The total kinetic energy of a body of mass 10 kg and radius 0.5 m moving with a velocity of 2 m/s without slipping is 32.8 joule. The radius of gyration of the body is

To find the radius of gyration \( k \) of the body, we will use the total kinetic energy formula for a rolling object.
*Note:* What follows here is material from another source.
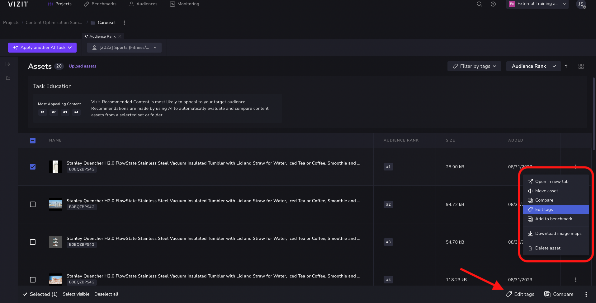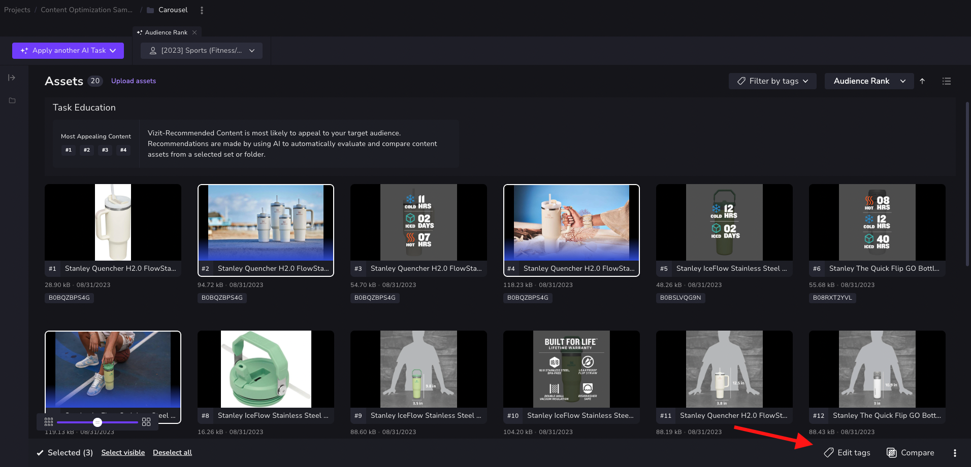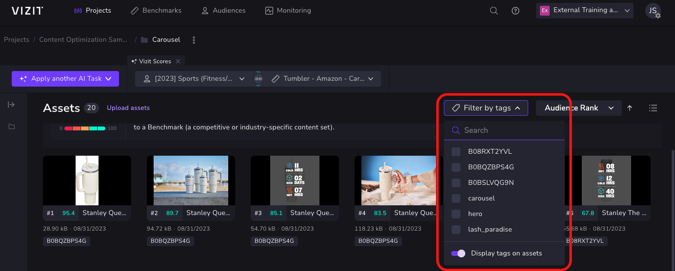 As with a set of un-segmented project or folder images, tags can be used to segment images for audience ranking, benchmark scoring (Vizit scores), scoring comparisons, or image map analysis.

The total kinetic energy \( KE \) is given by the sum of translational and rotational kinetic energies. ### Step-by-Step Solution 1. **Identify Given Values**: - Mass of the body \( m = 10 \, \text{kg} \) - Radius of the body \( R = 0.5 \, \text{m} \) - Velocity \( v = 2 \, \text{m/s} \) - Total kinetic energy \( KE = 32.8 \, \text{J} \) 2. **Write the Total Kinetic Energy Formula**: The total kinetic energy \( KE \) for a rolling object can be expressed as: \[ KE = \frac{1}{2} mv^2 + \frac{1}{2} I \omega^2 \] where \( I \) is the moment of inertia and \( \omega \) is the angular velocity. 3. **Relate Angular Velocity to Linear Velocity**: For rolling without slipping, the relationship between linear velocity \( v \) and angular velocity \( \omega \) is: \[ \omega = \frac{v}{R} \] 4. **Substitute Moment of Inertia**: The moment of inertia \( I \) can be expressed in terms of the radius of gyration \( k \): \[ I = m k^2 \] Substituting this into the kinetic energy equation gives: \[ KE = \frac{1}{2} mv^2 + \frac{1}{2} (m k^2) \left(\frac{v}{R}\right)^2 \] 5. **Simplify the Equation**: Substitute \( \omega \) into the kinetic energy equation: \[ KE = \frac{1}{2} mv^2 + \frac{1}{2} m k^2 \frac{v^2}{R^2} \] Factor out \( \frac{1}{2} mv^2 \): \[ KE = \frac{1}{2} mv^2 \left(1 + \frac{k^2}{R^2}\right) \] 6. **Plug in Known Values**: Substitute the known values into the equation: \[ 32.8 = \frac{1}{2} \cdot 10 \cdot 2^2 \left(1 + \frac{k^2}{(0.5)^2}\right) \] Calculate \( \frac{1}{2} \cdot 10 \cdot 4 = 20 \): \[ 32.8 = 20 \left(1 + \frac{k^2}{0.25}\right) \] 7. **Solve for \( k^2 \)**: Divide both sides by 20: \[ 1.64 = 1 + \frac{k^2}{0.25} \] Rearranging gives: \[ 1.64 - 1 = \frac{k^2}{0.25} \] \[ 0.64 = \frac{k^2}{0.25} \] Multiply both sides by 0.25: \[ k^2 = 0.64 \times 0.25 = 0.16 \] 8. **Find the Radius of Gyration \( k \)**: Taking the square root: \[ k = \sqrt{0.16} = 0.4 \, \text{m} \] ### Final Answer The radius of gyration \( k \) of the body is \( 0.4 \, \text{m} \). ---